PERRY, SAMUEL V. (10 June 1895-14 May 1968), Cleveland lawyer, safety expert, and private investigator, was appointed as Ohio's first African American parole officer, in charge of Cuyahoga County parolees (1930-32). From 1932-48, Perry worked in various municipal offices, including the Streets Department (1933-47), and Municipal Court, first as clerk (1951-53), then information consultant (1953-64). Perry was born in Jamestown, NY, but came to Cleveland as a child; he attended the CLEVELAND PUBLIC SCHOOLS. He worked at HALLE BROTHERS (1912-17, 1919-21), moving from shining shoes to inspecting "floor boys." Perry joined the U.S. Army during WORLD WAR I. In 1923 he received a Bachelor of Law degree from the Blackstone College of Law in Chicago, after apprenticing under Cleveland attorney Frank W. Stanton. He later attended the Marshall School of Law and FENN COLLEGE. Interested in traffic safety, Perry led programs such as an anti-jaywalking effort and traffic surveys, which reduced neighborhood traffic deaths dramatically.
Perry once managed the advertising for the CLEVELAND CALL & POST (1927) and edited a newspaper of his own, The Searchlight (between 1948 and 1951). During the last two decades of his life, Perry worked ardently to remove the word "Negro" from the American vocabulary, periodically publishing an "Open Letter to the Citizens of Cleveland" in local newspapers.

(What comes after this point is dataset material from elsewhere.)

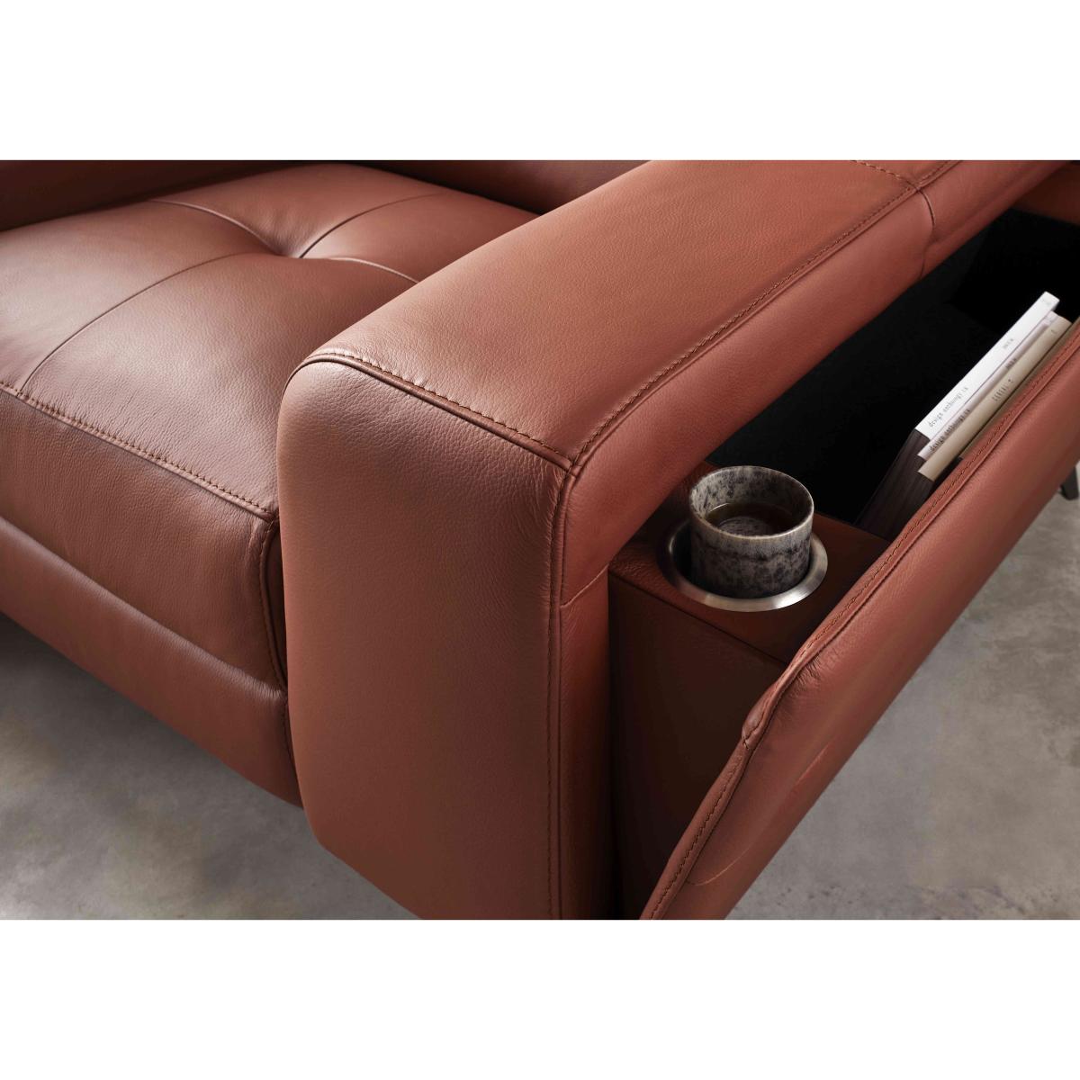 You’ll be wowed by the sofas, armchairs and footstools in our Action range – several times over. First, the look is beyond striking. With a bold modern silhouette, wide arms and metal legs with a black chrome-effect finish, these pieces are designed to stand out. And when you take a seat, you’ll be instantly impressed by the sprung seats, pocket spring seat cushioning and array of power features – power recliners, headrests and footrests and power-operated arm storage. Want more ways to relax? Bluetooth-connected media sofas have built-in speakers, massage units, wireless charging, USB ports and more. Available in 100% leather and fabric, the Action collection is handcrafted exclusively for Furniture Village. Relax and recline with this all-power 100% leather armchair. You’ll love its cool modern style, pocket spring comfort and the handy power storage arm. Why you'll love it Bring home the wow factor. High-tech relaxation, superior comfort, striking style. Power up your comfort with a power recliner, power elevating footrest and power headrest. Unique power-operated arm opens outwards to reveal a handy storage space. With easy USB device charging. Ultra-modern design with wide arms and black chrome-effect metal legs. Made for box-set bingeing with sprung seats and pocket spring cushioning. Luxurious 100% leather upholstery in a choice of colours. Handcrafted exclusively for Furniture Village. This leather power recliner armchair with power storage arm is part of our Action range. What you need to know Medium comfort level. Seat suspension: zig zag springs. Seat cushioning: pocket spring and high-resilience foam. Seat cushioning is fixed. Back suspension: zig zag spring. Back cushioning: foam. Back cushioning is fixed. Arm cushioning: foam. Back is removable for ease of access. Please allow time for the recliner mechanism to ease. Minor gaps are necessary to ensure ease of motion and may be exaggerated depending on floor type. Leather has unique marks and characteristics with variance in colour and texture. Leather softens with use. Fixed seat and back cushions require smoothing and straightening regularly. To smooth and straighten fixed cushions, punch the back cushion’s top two corners and the seat cushion’s outer two corners, and pinch outwards. Please read our upholstery care guide for more advice.

In August 1919, Perry married Willette A. Strode (d.1935); they had four sons, Herbert L., A. William, Charles B., and Samuel S. Perry, who served as first black mayor of WOODMERE from 1966-69. Perry married again in 1941, to Ellen B. Wilson. Perry belonged to the ANTIOCH BAPTIST CHURCH.
Perry, Samuel V. "Rhymes of Life" (1966).
Finding aid for the Samuel S. Perry Papers. WRHS.